▸ **PROBLEM STATEMENT**
From the entries below, return only the lines starting at the one that contains "Наименование Количество 1" and ending at the one that contains "Молодая бизнес-леди в", exactly as they stand.

▸ **SOURCE MATERIAL**
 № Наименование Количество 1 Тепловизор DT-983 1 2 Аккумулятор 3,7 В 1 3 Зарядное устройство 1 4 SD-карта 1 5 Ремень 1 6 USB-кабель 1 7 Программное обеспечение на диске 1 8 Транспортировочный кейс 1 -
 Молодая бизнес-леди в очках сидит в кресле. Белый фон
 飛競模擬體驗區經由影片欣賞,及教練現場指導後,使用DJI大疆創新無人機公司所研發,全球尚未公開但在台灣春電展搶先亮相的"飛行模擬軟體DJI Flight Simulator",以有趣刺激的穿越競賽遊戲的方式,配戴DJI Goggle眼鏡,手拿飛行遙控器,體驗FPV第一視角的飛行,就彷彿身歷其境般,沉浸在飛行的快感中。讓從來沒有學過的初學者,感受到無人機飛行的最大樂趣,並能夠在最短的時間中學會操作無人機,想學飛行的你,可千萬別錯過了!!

==

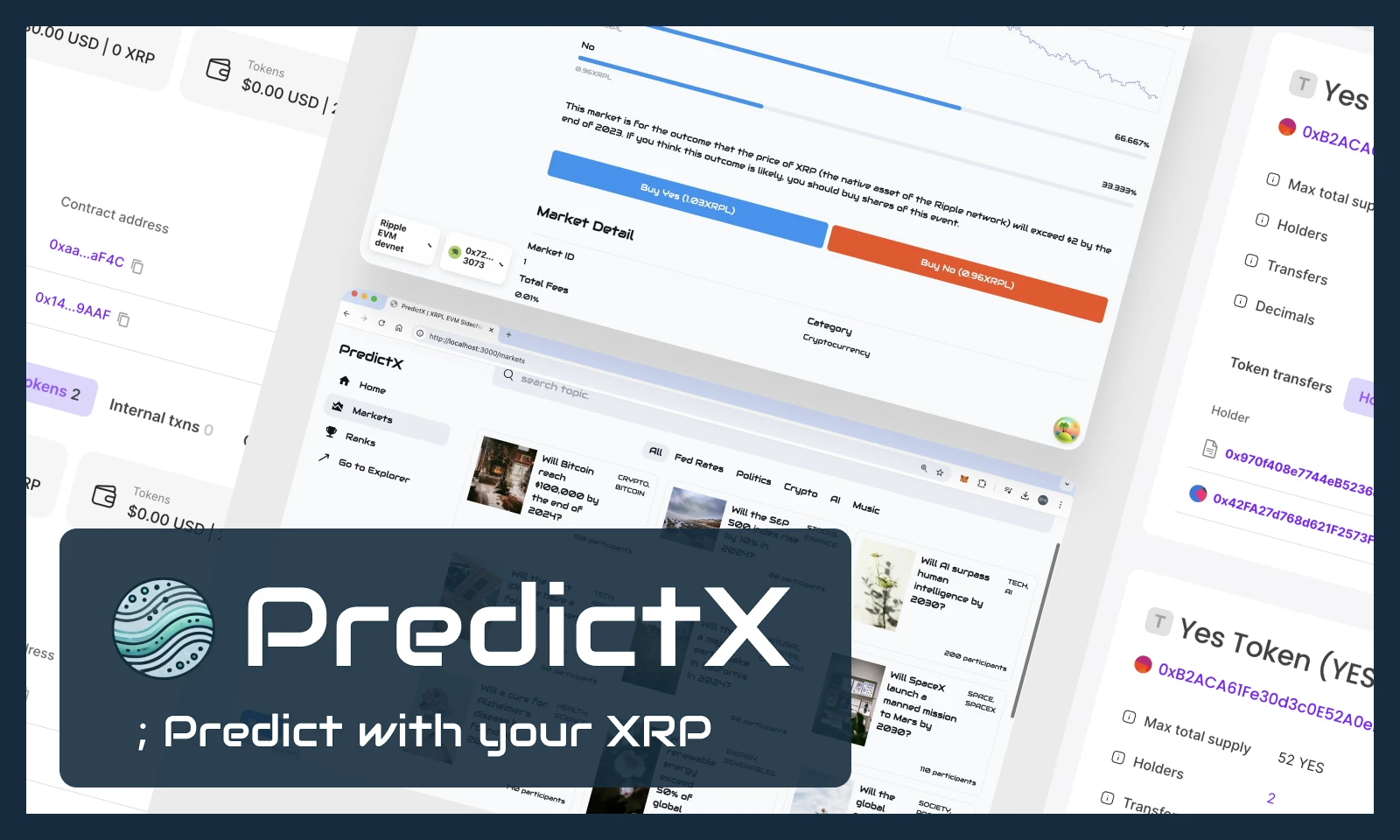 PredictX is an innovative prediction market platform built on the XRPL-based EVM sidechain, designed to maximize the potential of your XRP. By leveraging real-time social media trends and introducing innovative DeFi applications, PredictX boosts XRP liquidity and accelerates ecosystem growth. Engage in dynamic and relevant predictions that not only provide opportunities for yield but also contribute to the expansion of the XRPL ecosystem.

* * *

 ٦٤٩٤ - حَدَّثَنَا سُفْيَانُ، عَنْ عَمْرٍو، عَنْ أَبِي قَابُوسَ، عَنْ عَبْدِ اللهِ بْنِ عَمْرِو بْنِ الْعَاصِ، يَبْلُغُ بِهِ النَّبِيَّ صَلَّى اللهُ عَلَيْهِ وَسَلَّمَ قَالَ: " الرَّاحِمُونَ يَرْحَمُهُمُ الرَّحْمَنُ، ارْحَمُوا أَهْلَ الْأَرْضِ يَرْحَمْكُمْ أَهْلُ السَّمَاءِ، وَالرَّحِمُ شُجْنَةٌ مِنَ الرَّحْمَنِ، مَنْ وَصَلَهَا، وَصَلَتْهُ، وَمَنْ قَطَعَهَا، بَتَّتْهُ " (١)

▸ **RESULT FOR THIS TASK**
 № Наименование Количество 1 Тепловизор DT-983 1 2 Аккумулятор 3,7 В 1 3 Зарядное устройство 1 4 SD-карта 1 5 Ремень 1 6 USB-кабель 1 7 Программное обеспечение на диске 1 8 Транспортировочный кейс 1 -
 Молодая бизнес-леди в очках сидит в кресле. Белый фон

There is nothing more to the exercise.